Endgröße und Lebenserwartung
Die Art zählt zu den größten Taggeckos. Erwachsene Tiere erreichen meist etwa 23–28 cm Gesamtlänge, kräftige Männchen gelegentlich rund 30 cm. Ein erheblicher Teil entfällt auf den Schwanz. Männchen werden im Durchschnitt größer und massiger, doch individuelle Unterschiede sind deutlich. Für die Terrarienplanung ist nicht allein die Körperlänge entscheidend: Der bewegungsfreudige Gecko benötigt mehrere voneinander getrennte Kletter-, Sonnen- und Ruhebereiche in unterschiedlichen Höhen.
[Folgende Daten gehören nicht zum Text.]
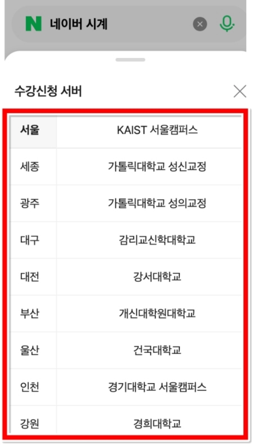 학교 이름이 너무 많아서 찾기 힘들 때는 입력창을 활용해서 검색해 보는 것도 좋은 방법이에요. 빈칸에 학교 이름을 직접 써넣으면 해당 학교의 서버 시간을 찾아서 바로 연결해 줍니다. 저도 예전에 친구 도와줄 때 이 방법을 썼는데 일일이 목록을 내리는 것보다 훨씬 빨라서 좋더라고요. 시간이 생명인 상황에서는 이렇게 한 손이라도 덜 가는 방식이 최고인 것 같습니다.

Schutzstatus und rechtliche Hinweise
Phelsuma grandis wird im CITES-Anhang II und im Anhang B der einschlägigen EU-Artenschutzregelung geführt. In Deutschland muss die rechtmäßige Herkunft durch geeignete Unterlagen lückenlos nachgewiesen werden. Da die Art nicht zu den von der Anzeigepflicht ausgenommenen Arten gehört, sind Haltung sowie Zu- und Abgänge unverzüglich bei der nach Landesrecht zuständigen Behörde zu melden. Zuständigkeit, Fristen und gewünschte Formulare können regional unterschiedlich organisiert sein und sollten vor der Anschaffung erfragt werden. Herkunftsnachweise sind dauerhaft sorgfältig aufzubewahren.
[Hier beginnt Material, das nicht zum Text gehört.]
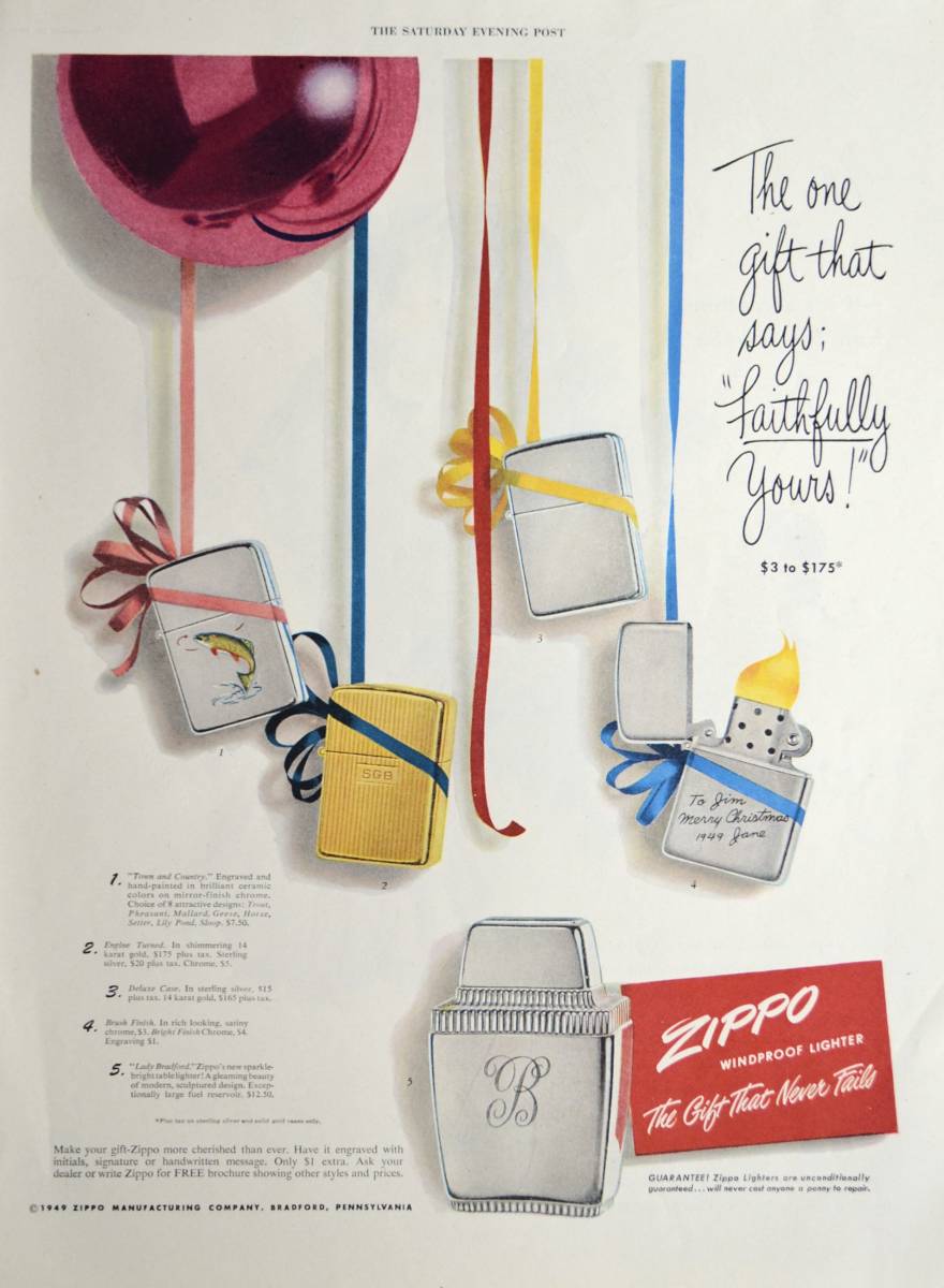 - 稀少!1949年Zippo広告/ジッポー/ライター/煙草/シガー/G

Risiken und sicherer Umgang
Taggeckos besitzen eine ausgesprochen empfindliche Haut, die bei festem Zug oder Greifen verletzt werden kann. Auch der Schwanz kann bei Bedrängung abgeworfen werden. Das Tier wird deshalb nicht gepackt, sondern für unvermeidbare Umsetzungen möglichst in einen transparenten Behälter gelenkt. Arbeiten im Terrarium sollten ruhig und bei geschlossenen Raumtüren erfolgen, da der Gecko sehr schnell springt und selbst kleine Fluchtwege nutzt. Wärmestrahler müssen gegen direkten Kontakt gesichert sein. Eine gute Handhygiene vor und nach Terrarienarbeiten ist selbstverständlich.
Nice-to-Know
Seine Haftlamellen erlauben dem Großen Madagaskar-Taggecko das sichere Laufen an Glas, glatten Blättern und senkrechten Stämmen. Trotzdem braucht er echte Äste und Pflanzen: Eine Scheibe ersetzt weder Bewegung noch Deckung. Die leuchtend grüne Grundfarbe kann sich bei Stress, Kälte oder ungünstiger Stimmung deutlich verdunkeln. Auch leise Rufe und Klicklaute gehören zum Verhaltensrepertoire. Als Beobachtungstier zeigt die Art besonders in einem hellen, reich strukturierten Terrarium ein vielseitiges Sonnen-, Jagd- und Kletterverhalten.